Here, the name “Gaussian Mixture Model” simply signifies that the info is represented as a mixture of several Gaussian distributions.

If we follow the identical naming logic as , it could have been clearer to call it something like k-Gaussian Mixture

Because, in practice, as a substitute of only using the means, we add the variance. And we could just use the Mahalanobis distance, or one other weighted distance using each means and variance. But Gaussian distribution gives us probabilities which might be easier to interpret.

So we decide a number of Gaussian components.

And by the way in which, GMM isn’t the just one.

In reality, the complete machine learning framework is definitely way more recent than most of the models it accommodates. Most of those techniques were originally developed in statistics, signal processing, econometrics, or pattern recognition.

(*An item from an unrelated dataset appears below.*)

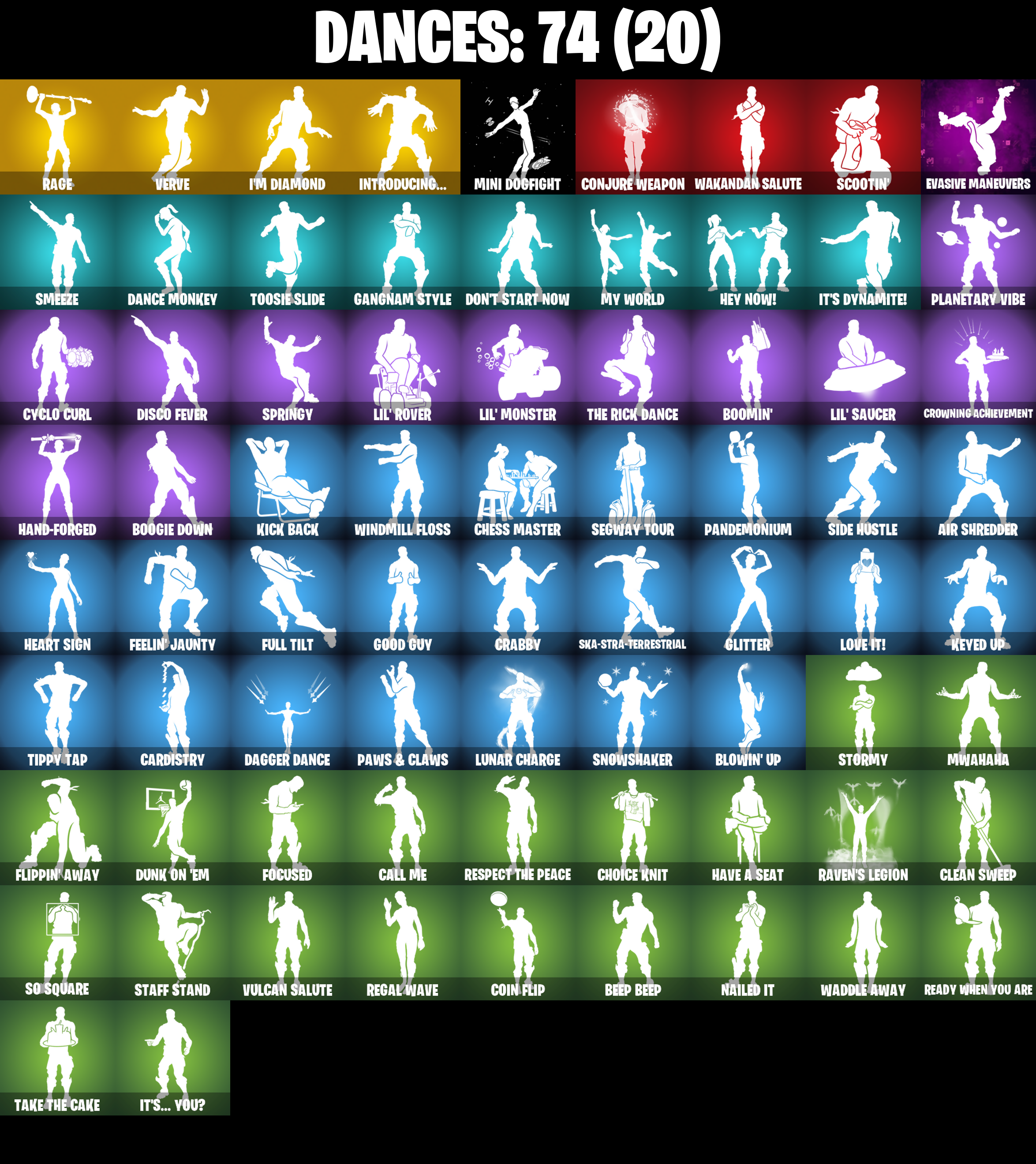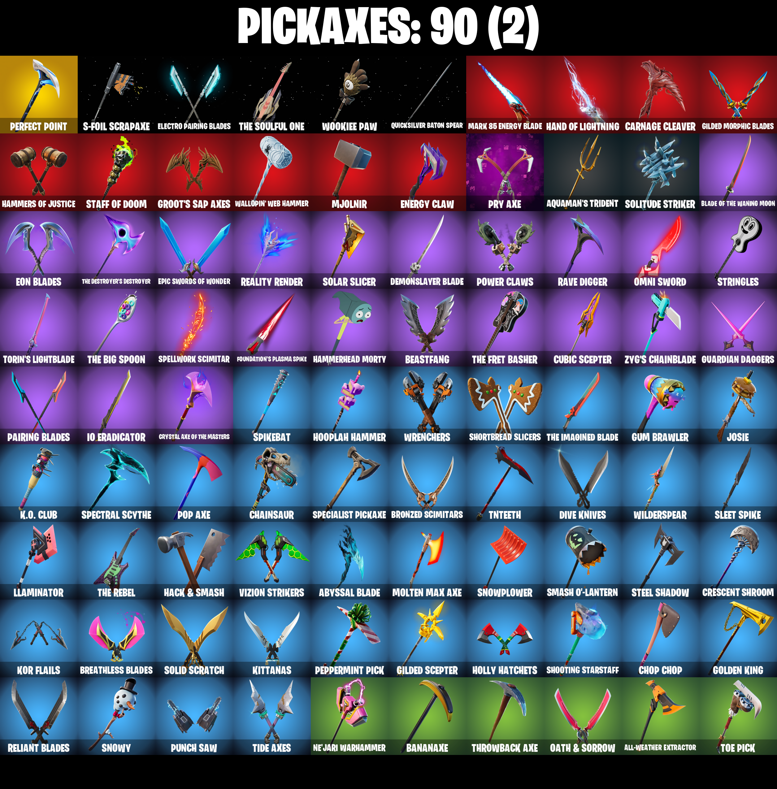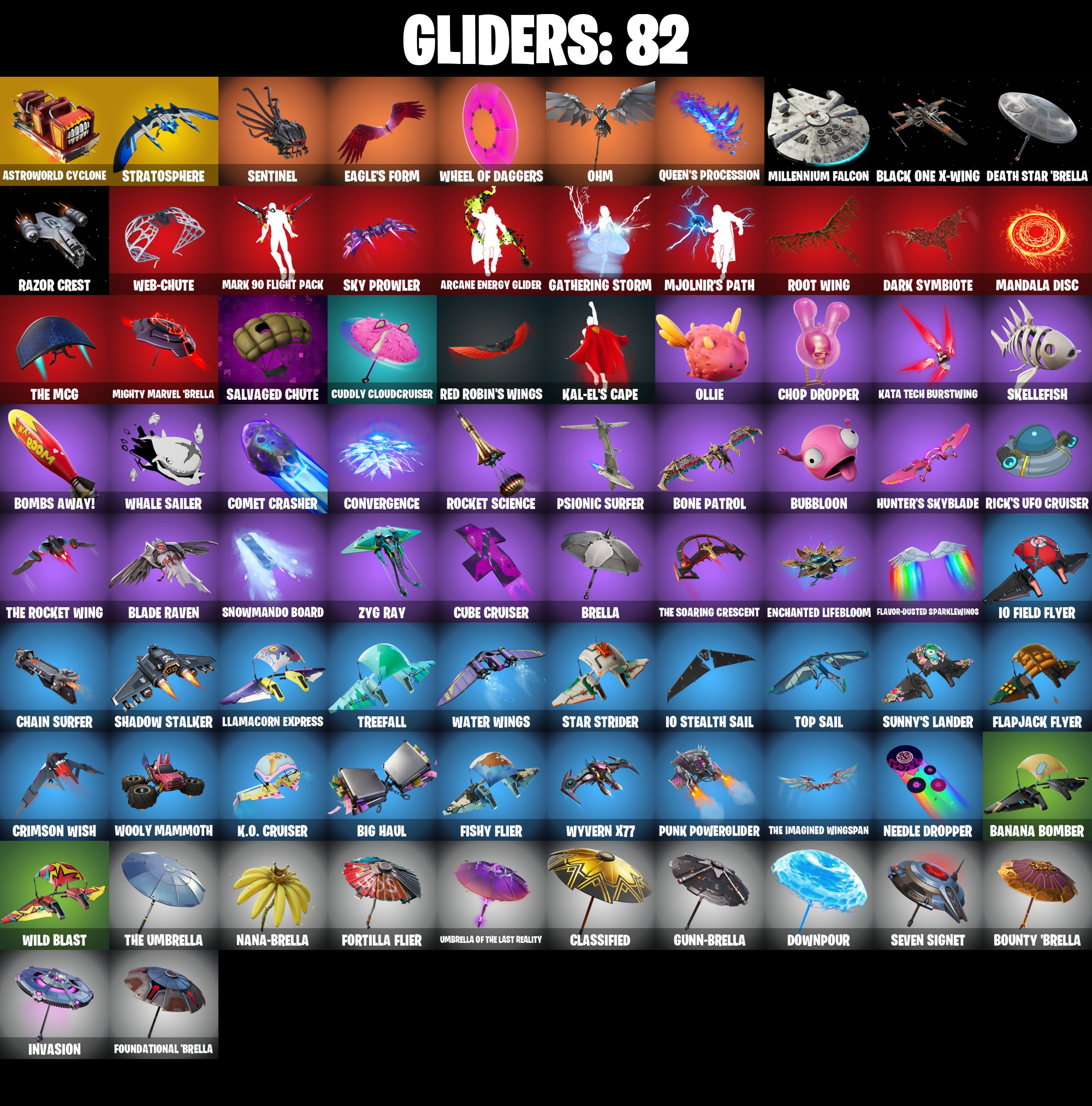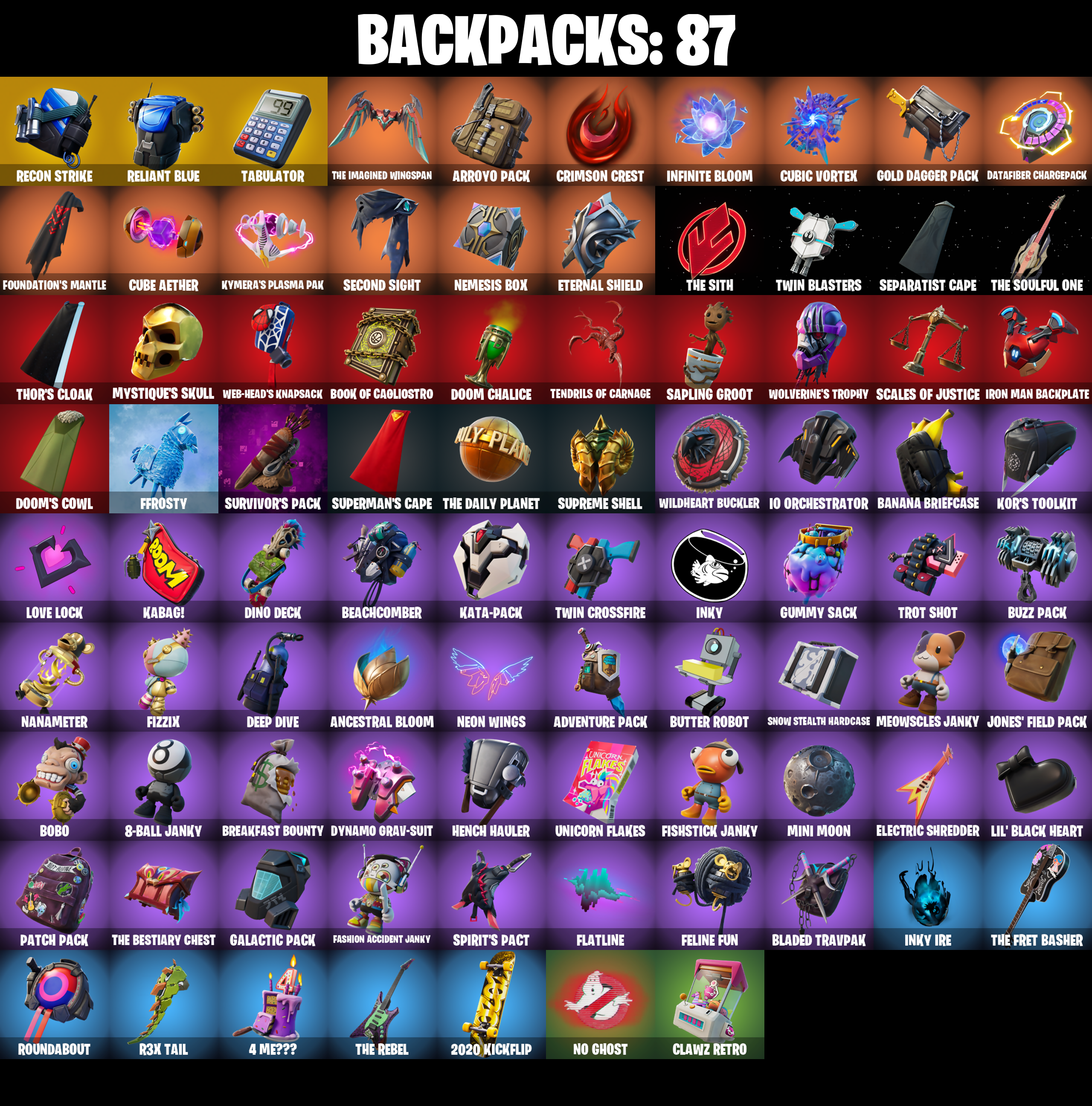 2020 Kickflip, 4 Me???, 8-Ball Janky, Absenz, Abyssal Blade, Adventure Pack, Aftermath, Agent Jones, Agent Peely, Air Shredder, All-Weather Extractor, Ancestral Bloom, Aquaman, Aquaman's Trident, Arcane Energy Glider, Arroyo Pack, Arthur Curry, Astroworld Cyclone, Banana Bomber, Banana Briefcase, Bananaxe, Beachcomber, Beastfang, Beep Beep, Big Haul, Black, Black One X-Wing, Blade Raven, Blade of the Waning Moon, Bladed Travpak, Blowin' Up, Bobo, Bombs Away!, Bone Patrol, Boogie Down, Book of Caoliostro, Boomin', Bounty 'Brella, Breakfast Bounty, Breathless Blades, Brella, Bronzed Scimitars, Bubbloon, Butter Robot, Buzz Pack, Call Me, Cardistry, Carnage, Carnage (Maximum), Carnage Cleaver, Chain Surfer, Chainsaur, Charlotte, Charlotte (Golden Rune), Chess Master, Choice Knit, Chop Chop, Chop Dropper, Clark Kent, Clark Kent (Superman), Classified, Clawz Retro, Clean Sweep, Coin Flip, Comet Crasher, Conjure Weapon, Convergence, Crabby, Crescent Shroom, Crimson Crest, Crimson Wish, Crowning Achievement, Crystal Axe of the Masters, Cube Aether, Cube Cruiser, Cubic Scepter, Cubic Vortex, Cuddly Cloudcruiser, Cyclo Curl, Dagger Dance, Dance Monkey, Dark Symbiote, Datafiber Chargepack, Deadeye, Deadpool, Deadpool Unmasked, Death Star 'Brella, Deep Dive, Demonslayer Blade, Dino Deck, Disco Fever, Dive Knives, Doctor Doom, Doctor Doom (God Emperor), Doctor Slone, Doctor Strange, Don't Start Now, Doom Chalice, Doom's Cowl, Downpour, Dunk On 'Em, Dynamo Grav-Suit, Eagle's Form, Electric Shredder, Electro Pairing Blades, Enchanted Lifebloom, Energy Claw, Eon Blades, Epic Swords of Wonder, Erisa, Erisa (Stealth Silver), Eternal Knight, Eternal Shield, Evasive Maneuvers, Evie, Fabio Sparklemane, Fabio Sparklemane (Golden Rune), Fade, Fashion Accident Janky, Feelin' Jaunty, Feline Fun, Ffrosty, Fishstick Janky, Fishy Flier, Fizzix, Flapjack Flyer, Flatline, Flavor-Dusted Sparklewings, Flippin' Away, Focused, Fortilla Flier, Foundation's Mantle, Foundation's Plasma Spike, Foundational 'Brella, Full Tilt, Galactic Pack, Gangnam Style, Gathering Storm, Gear Specialist Maya, Gilded Morphic Blades, Gilded Scepter, Glitter, Gold Brutos, Gold Brutus, Gold Dagger Pack, Gold Midas, Golden King, Good Guy, Groot, Groot (Silver Foil), Groots Sap Axes, Guardian Daggers, Guggimon, Gum Brawler, Gumbo, Gumbo (Sour), Gummy Sack, Gunn-Brella, Gunnar, Hack & Smash, Hammerhead Morty, Hammers of Justice, Hand of Lightning, Hand-Forged, Happy, Harlowe, Harlowe (Helmet), Have A Seat, Haven, Haven (Tropical Chirper), Head (Droopy), Heart Sign, Hench Hauler, Hey Now!, Holly Hatchets, Hooplah Hammer, Hunter's Skyblade, I'm Diamond, IO Eradicator, IO Orchestrator, Infinite Bloom, Inky, Inky Ire, Introducing..., Invasion, Io Field Flyer, Io Stealth Sail, Iris, Iron Man Backplate, It's Dynamite!, It's... You?, J.B. Chimpanski, J.B. Chimpanski (Helmet), Jennifer Walters, Joey, Jones' Field Pack, Josie, Jules, K.O. Club, K.O. Cruiser, Kabag!, Kal-El's Cape, Kata Tech Burstwing, Kata-Pack, Keyed Up, Kiara K.O., Kiara K.O. (Captain's Bomber), Kick Back, Kit, Kittanas, Kondor, Kor, Kor (Trenchcoat), Kor Flails, Kor's Toolkit, Krisabelle, Kymera, Kymera's Plasma Pak, Lara Croft, Lil' Black Heart, Lil' Monster, Lil' Rover, Lil' Saucer, Llamacorn Express, Llaminator, Love It!, Love Lock, Lt. John Llama, Lunar Charge, M-Jölnir's Path, Mancake, Mandala Disc, Mandalorian, Mark 85 Energy Blade, Mark 90 Flight Pack, Masked, Mave, Mave (Reactive Hair Off), Meowscles, Meowscles Janky, Mighty Marvel 'Brella, Millennium Falcon, Mini Dogfight, Mini Moon, Mjolnir, Molten Max Axe, Mwahaha, My World, Mystique, Mystique (Tactical), Mystique's Skull, Nailed It, Nana-Brella, Nanameter, Ne'Jari Warhammer, Needle Dropper, Nemesis Box, Neon Wings, No Ghost, Oath & Sorrow, Ocean, Ohm, Ollie, Omni Sword, Pairing Blades, Pandemonium, Patch Pack, Paws & Claws, Peppermint Pick, Perfect Point, Planetary Vibe, Point Patroller, Polar Peely, Pop Axe, Power Claws, Predator, Prodigy, Prowler, Pry Axe, Psionic Surfer, Punch Saw, Punk Powerglider, Queen's Procession, Quicksilver Baton Spear, R3X Tail, Rage, Rave Digger, Raven's Legion, Razor Crest, Ready When You Are, Reality Render, Recon Strike, Red Robin's Wings, Reese, Regal Wave, Reliant Blades, Reliant Blue, Respect The Peace, Rick Sanchez, Rick's UFO Cruiser, Riptide, Rocket Science, Ronin, Ronin (Cape), Root Wing, Roundabout, S-Foil Scrapaxe, Salvaged Chute, Sapling Groot, Scales of Justice, Scootin', Scuba Jonesy, Second Sight, Segway Tour, Sentinel, Separatist Cape, Seven Signet, Shadow Stalker, Shanta, Shanta (Headpiece), Shooting Starstaff, Shortbread Slicers, Side Hustle, Siona, Ska-Stra-Terrestrial, Skellefish, Sky Prowler, Skye, Sleet Spike, Smash O'-Lantern, Smeeze, Snap, Snow Stealth Hardcase, Snow Stealth Slone, Snowmando Board, Snowplower, Snowshaker, Snowy, So Square, Solar Slicer, Solid Scratch, Solitude Striker, Specialist Pickaxe, Spectral Scythe, Spellwork Scimitar, Spider-Man, Spikebat, Spirit's Pact, Springy, Staff Stand, Staff of Doom, Star Strider, Steel Shadow, Storm, Storm (Punk), Stormy, Stratosphere, Stringles, Sunny, Sunny's Lander, Superman's Cape, Supreme Shell, Survivor's Pack, Tabulator, Take The Cake, Tarana, Tarana (X-Tinction Armor), Tendrils of Carnage, The Bestiary Chest, The Big Spoon, The Cube Queen, The Cube Queen (Islandbane), The Daily Planet, The Destroyer's Destroyer, The Foundation, The Foundation (Helmet Off), The Fret Basher, The Imagined, The Imagined (Combat Elite), The Imagined Blade, The Imagined Wingspan, The Mcg, The Origin, The Origin (On Point), The Rebel, The Rick Dance, The Rocket Wing, The Sith, The Soaring Crescent, The Soulful One, The Umbrella, Thor, Thor (Silver Foil), Thor's Cloak, Throwback Axe, Tide Axes, Tippy Tap, Tnteeth, Tntina, Toe Pick, Tony Stark, Toona Fish, Toosie Slide, Top Sail, Torin, Torin (Sideways Warrior), Torin's Lightblade, Treefall, Trilogy, Trot Shot, Tsuki 2.0, Twin Blasters, Twin Crossfire, Umbrella of the Last Reality, Unicorn

Then, much later, the sphere we now call “machine learning” emerged and regrouped all these models under one umbrella. However the names didn’t change.

So today we use a combination of vocabularies coming from different eras, different communities, and different intentions.

For this reason the relationships between models are usually not all the time obvious once you look only on the names.

If we needed to rename every little thing with a contemporary, unified machine-learning style, the landscape would actually be much clearer:

GMM would develop into k-Gaussian Clustering
QDA would develop into Nearest Gaussian Classifier
LDA, well, Nearest Gaussian Classifier with the identical variance across classes.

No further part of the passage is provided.